Активный постмодерн как пост-постмодерн, как конец постиндустриального общества и финальная Революция стоит под вопросом. Он может сбыться, а может и не сбыться. Пока видимость вещей подталкивает нас к заключению, что сбыться ему будет очень не просто. Но есть нечто, что не подлежит сомнению, что является безусловным и совершенно неизбежным.

Конец истории не будет длиться бесконечно, несмотря на все его претензии. Эта мнимая бесконечность конца — последняя иллюзия эона, дошедшего до своей границы. Имманентный процесс не хочет переходить волшебную грань от бесконечно-малого до никакого, от почти ничто к самому настоящему ничто, от квазисуществования к тотальному несуществованию. Стремление к телеологической точки хочет растянуться до бесконечности в максимальной близости к этой точке. Так, в парадоксе Зенона черепаха пытается сделать несколько маленьких шажков, чтобы обогнать быстроногого Ахилла — вестника смерти.

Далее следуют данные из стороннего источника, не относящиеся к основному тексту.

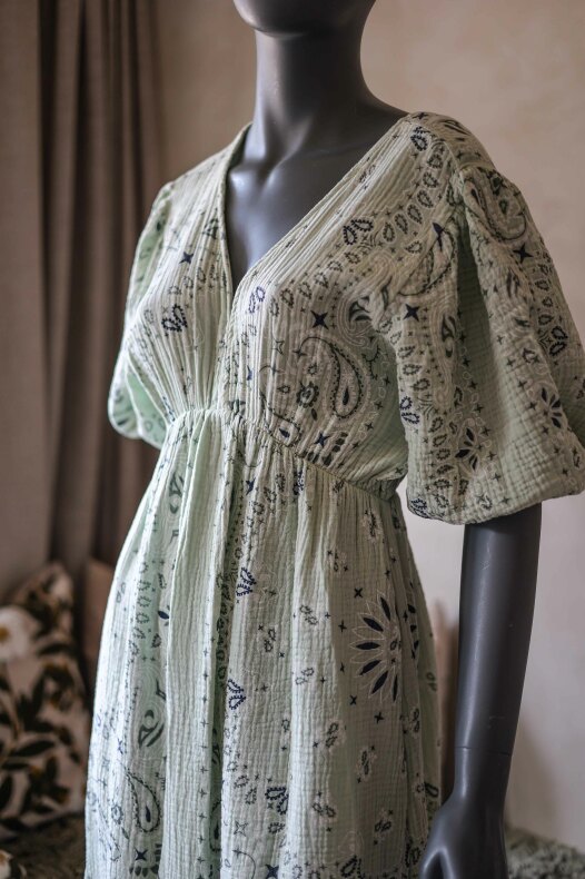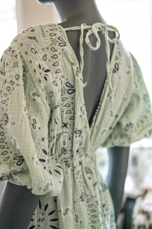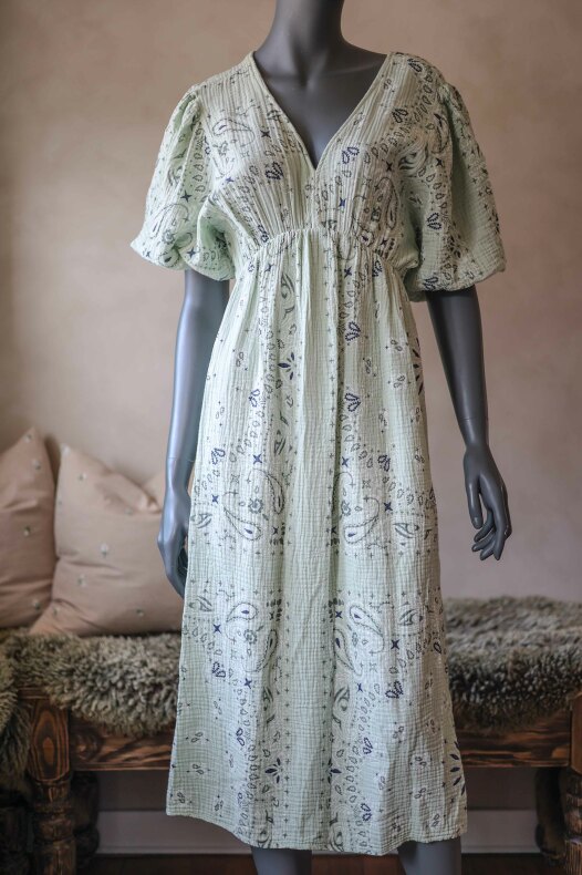 Ljuvlig sommarklänning med snyggt mönster! V-ringad framtill och knyte i ryggen.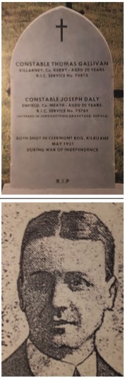 Top: A monument, erected by Cloughjordan Heritage Group in September 2019, to RIC Constables Thomas Gallivan and Joseph Daly, ‘disappeared’ by the IRA in May 1921.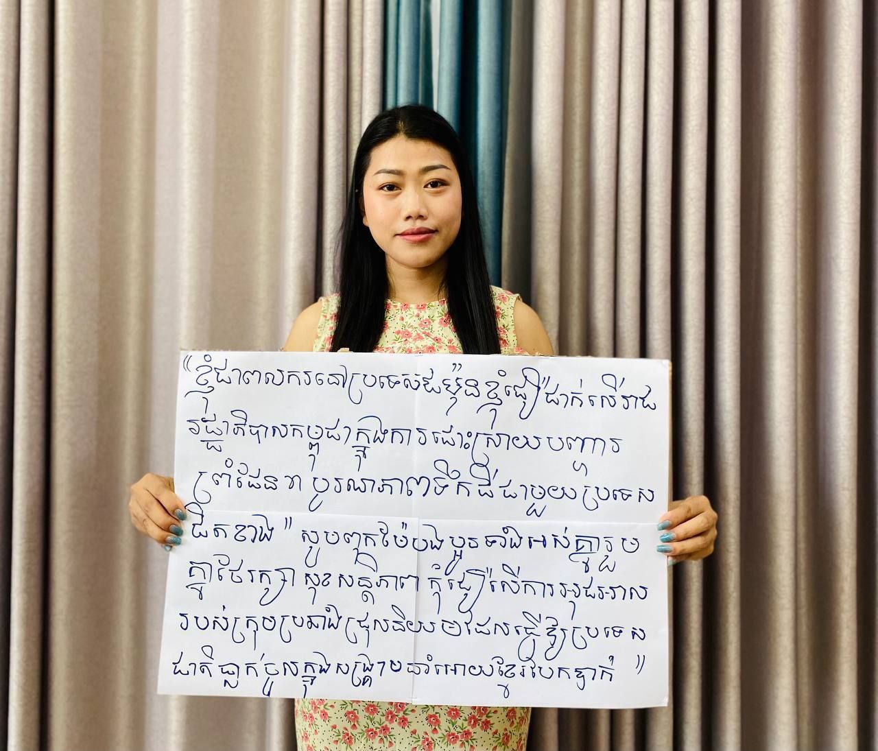 ពលកររូបនេះបានអំពាវនាវឱ្យពលរដ្ឋខ្មែររស់នៅបរទេសទាំងអស់កុំចូលរួមធ្វើបាតុកម្មតាមរយៈការអុចអាលរបស់ក្រុមប្រឆាំងជ្រុលនិយមដែលធ្វើឱ្យប្រទេសជាតិធ្លាក់ចូលក្នុងសង្គ្រាមខ្មែរបែកបាក់ និងមានជម្លោះជាមួយបណ្តាប្រទេសជិតខាង។ បងប្អូនត្រូវរក្សាសន្តិភាពក្នុងប្រទេស និងជឿលើថ្នាក់ដឹកនាំដោះស្រាយតាមរយៈការចរចារដោយសន្តិវិធី។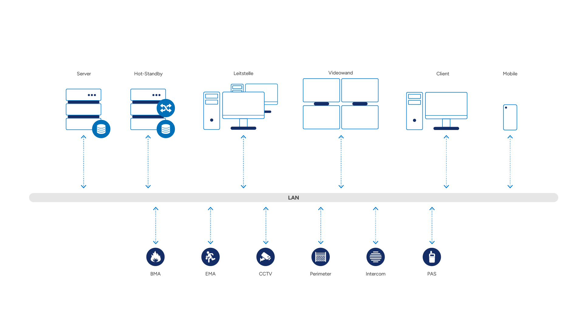 Hohe Redundanz wird durch einen Backup- und Schnittstellenserver realisiert. Jedes System ist redundant angebunden, so dass auch bei einer Störung in der IT-Infrastruktur die Überwachung in der Leitstelle weiterhin möglich ist.
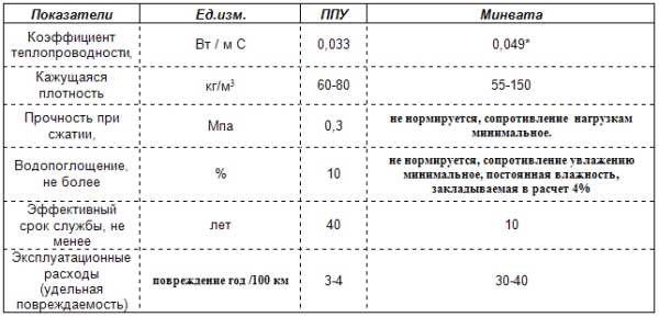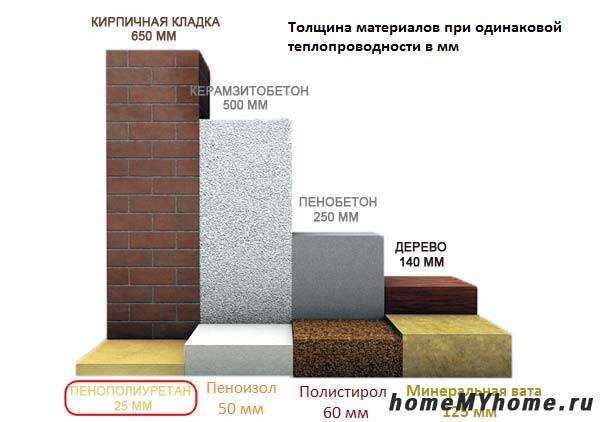 Среди всех утеплителей пенополиуретан имеет самую малую толщину слоя при одинаковой теплоизоляции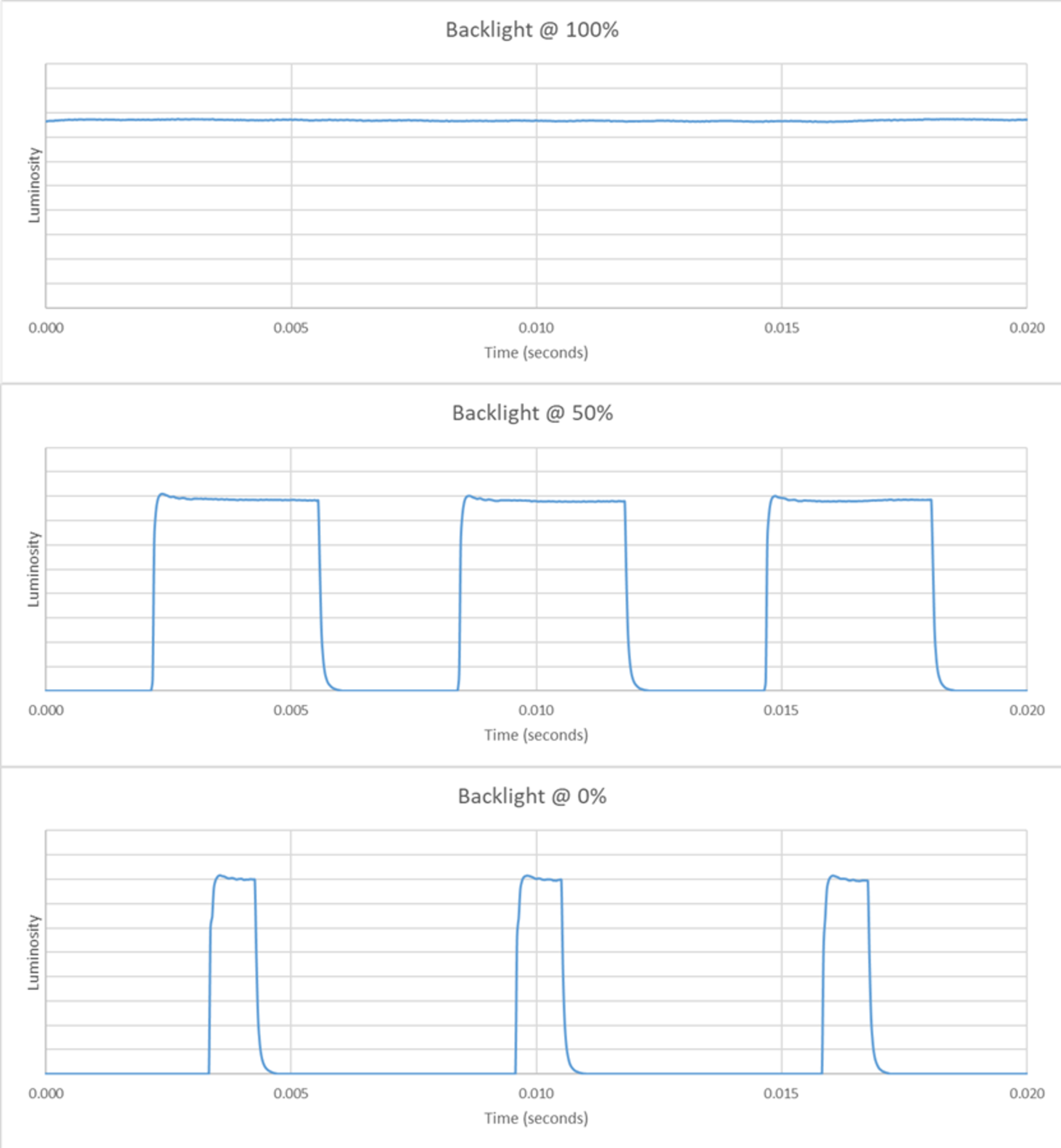 This TV uses pulse-width modulation to control the backlight, so there's noticeable flicker at any Backlight setting below max. It flickers at a low frequency that isn't a multiple of 60, so it's noticeable and contributes to the TV's uneven frame cadence.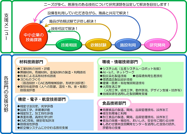 A-12 | 長野県工業技術総合センター | 支援事例(製品化、研究開発等)、設備の紹介 | 長野市 | 工業技術総合センターは、「材料技術部門」、「精密・電子・航空技術部門」、「環境・情報技術部門」、「食品技術部門」の4部門があり、県内中小製造業の技術力向上を支援しています。技術相談、依頼試験、施設利用、研究開発、人材育成、情報提供などを通じて、現場の課題解決をサポートしています。支援事例(製品化、研究開発等)、設備の紹介本展示では、食品技術部門による支援事例や研究成果を紹介します。製品開発や品質向上に向けた分析・試験の活用例を通じて、当センターの具体的な支援内容をご覧いただけます。技術支援に関心のある方はもちろん、情報収集や今後の参考にとお考えの方も歓迎です。センターの活動を知っていただく機会として、ぜひお気軽にお立ち寄りください。技術連携部門櫻井崇長野市若里1-18-1 |

Время чует, что его время заканчивается, выходит. Что приходит иное время — время конца. И в страхе оно сбивается с прямого пути. Заворачивается в спирали, свертывается, дробится, прикидывается состоящим из бесчисленных квантов, аналитическое перебирание которых одного за другим все оттягивает и оттягивает заключительный аккорд. Процесс хочет пережить свой конец, сохранить себя в инобытии химерической виртуальной жизни, на экране игры имиджей, в клонах и муляжах вещей и существ. Изобретательность агонизирующего автомата неохватна, почти бесконечна. Она воплощена в стратегии пассивного постмодерна, которая выдает себя за абсолютный стиль, так как в нем есть потенции для универсального многократного рециклирования всех исторически фиксируемых или симулированных ситуаций.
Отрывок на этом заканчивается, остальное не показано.